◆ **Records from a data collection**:
>>>>>

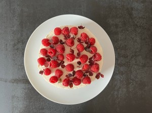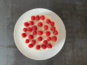 Att klä tårtan gör den inte bara snygg, den håller även ihop och smakar bättre. Jag sätter min på återfaller direkt och arbetar runt om med mascarponekräm. Man kan även sprits om man tycker att det är lättare, eller snyggare. Ovanpå dekorerar jag med färska hallon och oxalis.
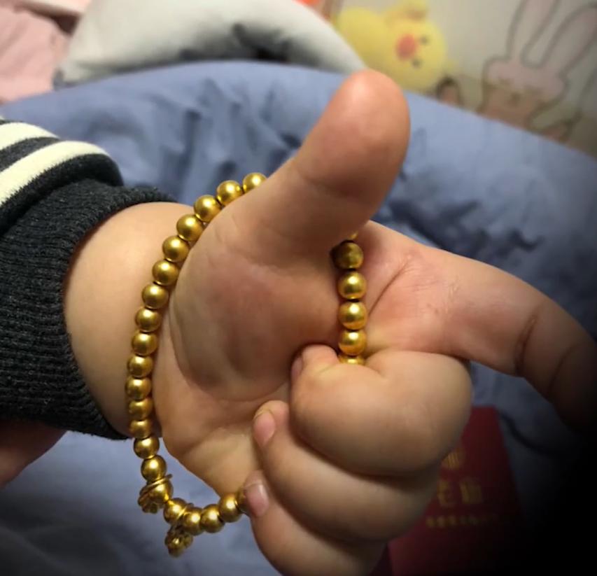 一個媽媽平時經常帶着一串金手串,這天晚上已經12點多了,孩子還沒有睡覺,就跟媽媽說:媽媽我想玩一下你的金手串。而媽媽平時也給孩子玩過,就很無所謂地把這個金手串拿着給孩子玩!
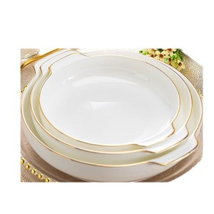 景徳鎮和風金縁双耳プレート家庭用ボーンチャイナクリエイティブネストプレート火傷防止プレート電子レンジ対応スーププレート
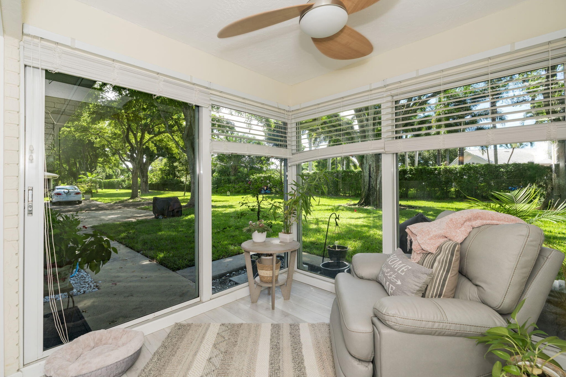 Welcome to this beautifully renovated 2-bed, 2-bath villa with a bonus sunroom in a vibrant 55+ community! This corner unit, tucked away at the end of the street, offers extra green space, privacy, and peace. The home has been gorgeously redone, featuring FULL IMPACT glass throughout--including the inviting, light-filled sunroom, perfect for morning coffee or relaxing with a book. Inside, enjoy modern finishes and an open layout that flows effortlessly. Outside your door, the community offers 3 pools, bocce, pickleball, tennis, numerous clubs, and weekly social events--ensuring an active lifestyle and new friendships. This villa truly combines comfort, security, and resort-style living in one perfect package! HOA covers everything but Electric, such an amazing opportunity, don't miss out!
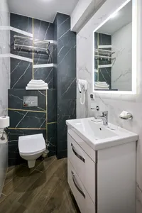 В номерах предусмотрены Wi-Fi, телевизор, кондиционер, сейф, кровать, шкаф, кроме этого, в ванной комнате есть душ и фен. По предварительному запросу возможно заселение с питомцами до 10 кг.
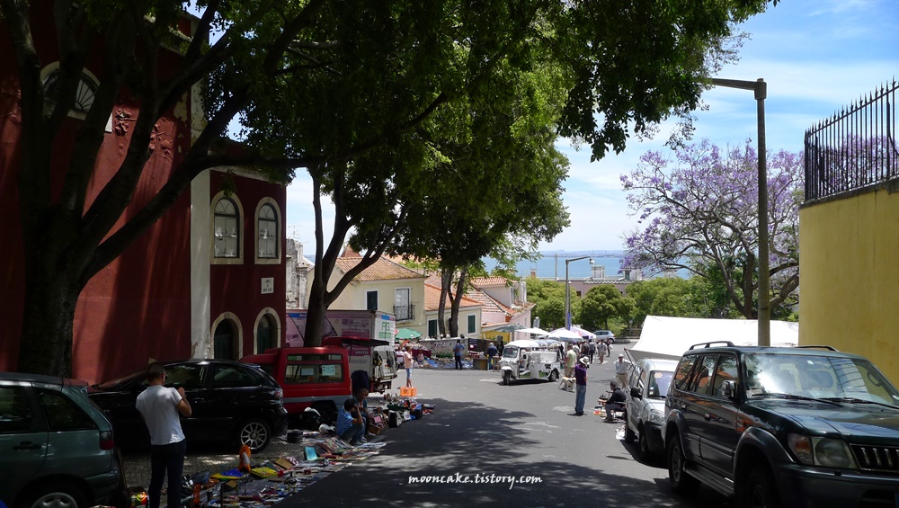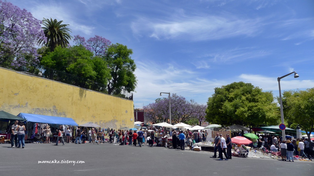 곳곳에 자카란다 꽃이 핀 알파마 지구의 벼룩시장.
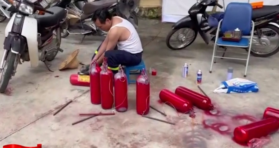 Cán bộ, chiến sĩ đã tái chế bình cứu hỏa cũ thành kẻng báo cháy.
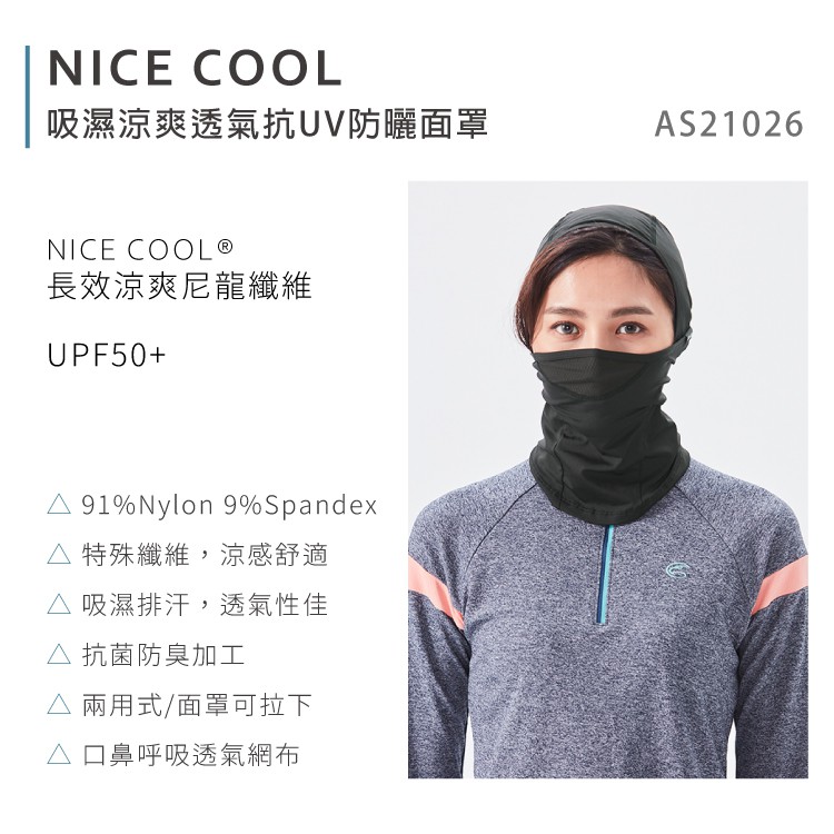 ADISI NICECOOL吸濕涼爽透氣抗UV防曬面罩 【黑色】UPF50+ 救災 防災 AS21026
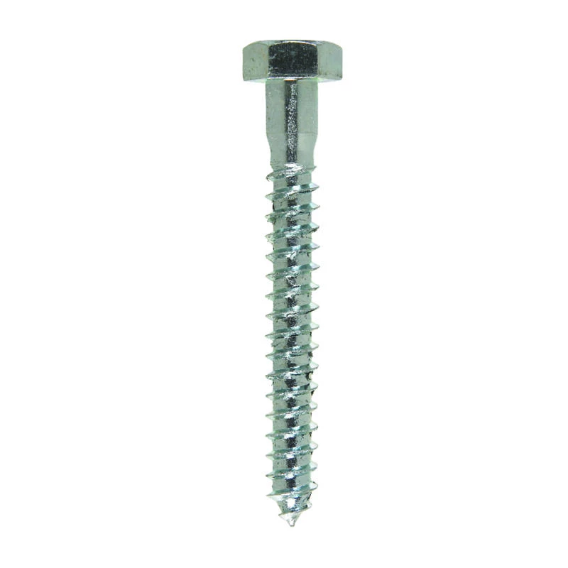 Zinc hex lag screws provide adequate corrosion and rust protection, making it a good choice for outdoor projects. Common applications include retaining walls, deck frames, and outdoor play equipment. This zinc hex lag screw has coarse threads designed for pre-drilled holes to prevent splitting or snapping, and requires minimal clearance above the fastener. It has a hexagonal drive for simple installation and controlled traction with a socket or wrench.
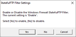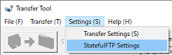You can enable or disable the Windows Firewall StatefulFTP Filter from the [StatefulFTP Settings] in the [Settings] menu of the Transfer Tool.
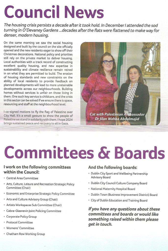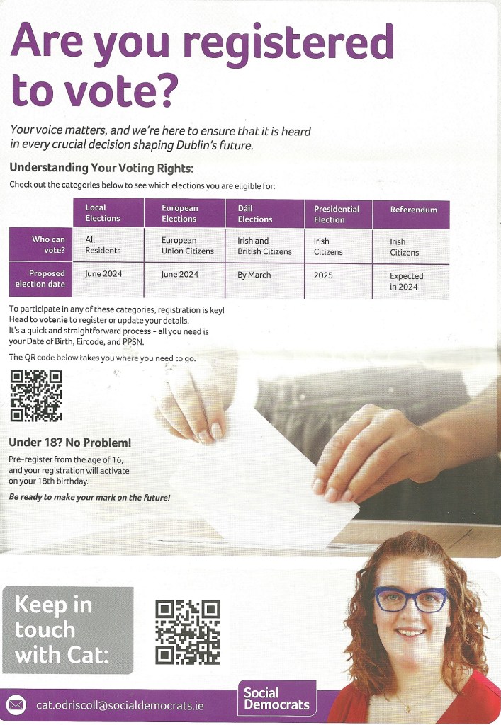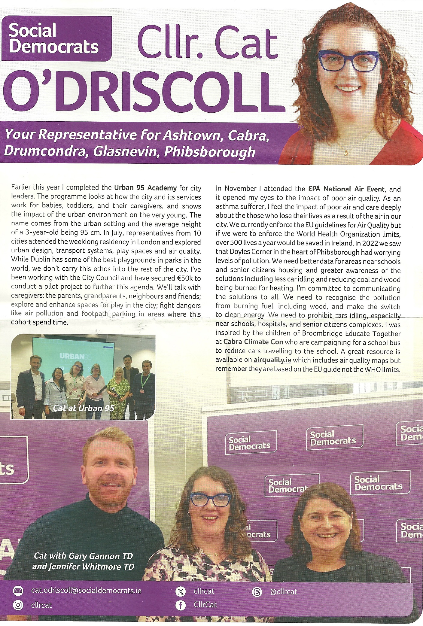 A leaflet from Cat O’Driscoll who is running for The Social Democrats in Cabra Glasnevin in the 2024 Local Elections.
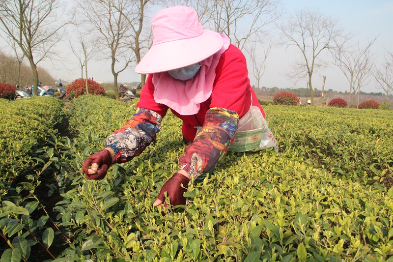 一半春天一半茶,春分时节采茶忙。3月19日,皖垦茶业集团十字铺茶场公司统一经营的名优茶园基地,满山是青翠的茶树,微风吹拂下,阵阵清香扑鼻而来。茶叶已抽出鲜嫩的芽尖绿苞,近300名采茶工人正在采茶。只见他们双手在春茶尖上快速地跳跃,手起叶落,上下翻飞,一派繁忙景象。战“疫”决胜在关键期,皖垦茶业集团复工达产时不待我。
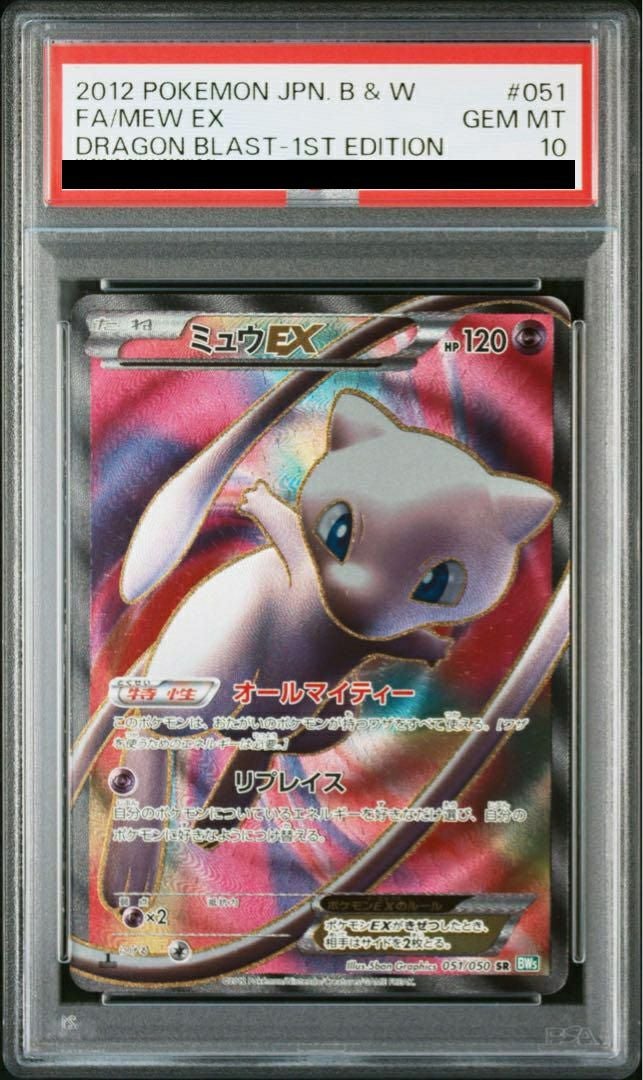 ミュウEX(051/050)[SR]は、拡張パック「リューズブラスト」に収録された超タイプのたねポケモンEXです。特性「オールマイティー」により、このポケモンはお互いのポケモンが持つワザをすべて使用できます。ワザ「リプレイス」は、無色エネルギー1個で自分のポケモンについているエネルギーを好きなだけ選び、他のポケモンに自由につけ替えることができます。デッキでは、特性を活かして多彩なワザを繰り出し、ワザでエネルギーの再配置を行うことで柔軟な戦術を展開できます。SR(スーパーレア)版のイラストは、ミュウが異次元のような空間からこちらを見つめるミステリアスなデザインとなっています。
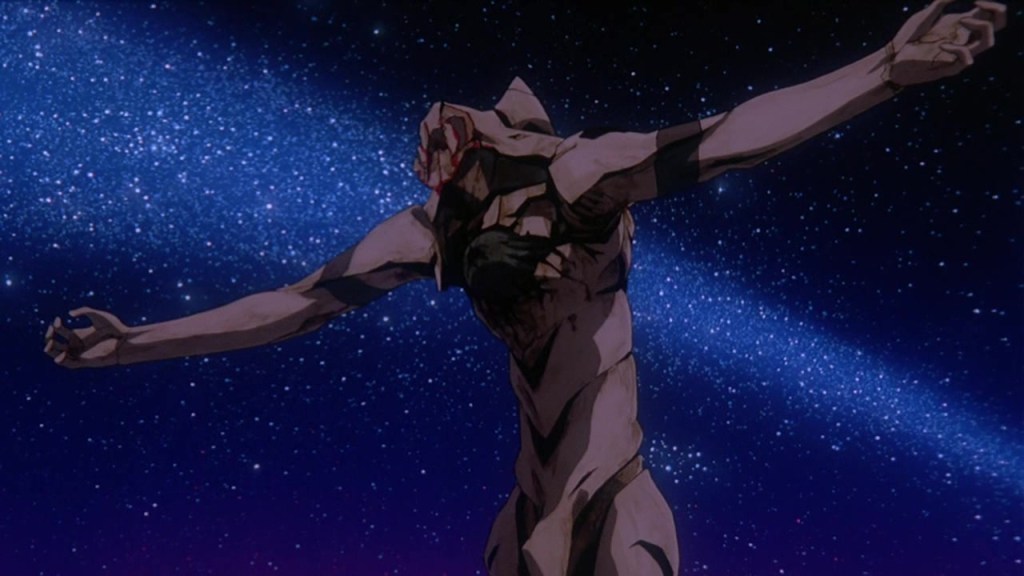 De cette programmation céleste découle une horreur cosmique très lovecraftienne, représentée par les ‘Anges’ qui sont moins des messagers du mal que des forces du chaos ; incarnée par les Evas, puissances synthétiques construites pour ordonner ces forces ; et constatée par les hommes, indétrônables jouets de la fortune.
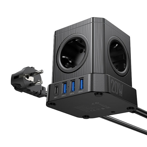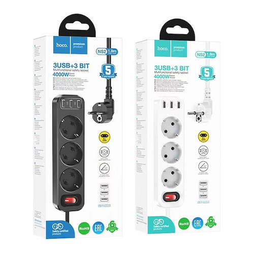 Hoco NS2 Aura Πολύπριζο 3 Θέσεων με Διακόπτη, 3 USB και Καλώδιο 1.8m Μαύρο

<<<<<

◆ **Task item**: In the data above, find the line with "В номерах предусмотрены" and the line with "ADISI NICECOOL吸濕涼爽透氣抗UV防曬面罩 【黑色】UPF50+". Please copy exactly those two lines and every line between them, but not the pictures.

◆ **Answer space**:
 В номерах предусмотрены Wi-Fi, телевизор, кондиционер, сейф, кровать, шкаф, кроме этого, в ванной комнате есть душ и фен. По предварительному запросу возможно заселение с питомцами до 10 кг.
 곳곳에 자카란다 꽃이 핀 알파마 지구의 벼룩시장.
 Cán bộ, chiến sĩ đã tái chế bình cứu hỏa cũ thành kẻng báo cháy.
 ADISI NICECOOL吸濕涼爽透氣抗UV防曬面罩 【黑色】UPF50+ 救災 防災 AS21026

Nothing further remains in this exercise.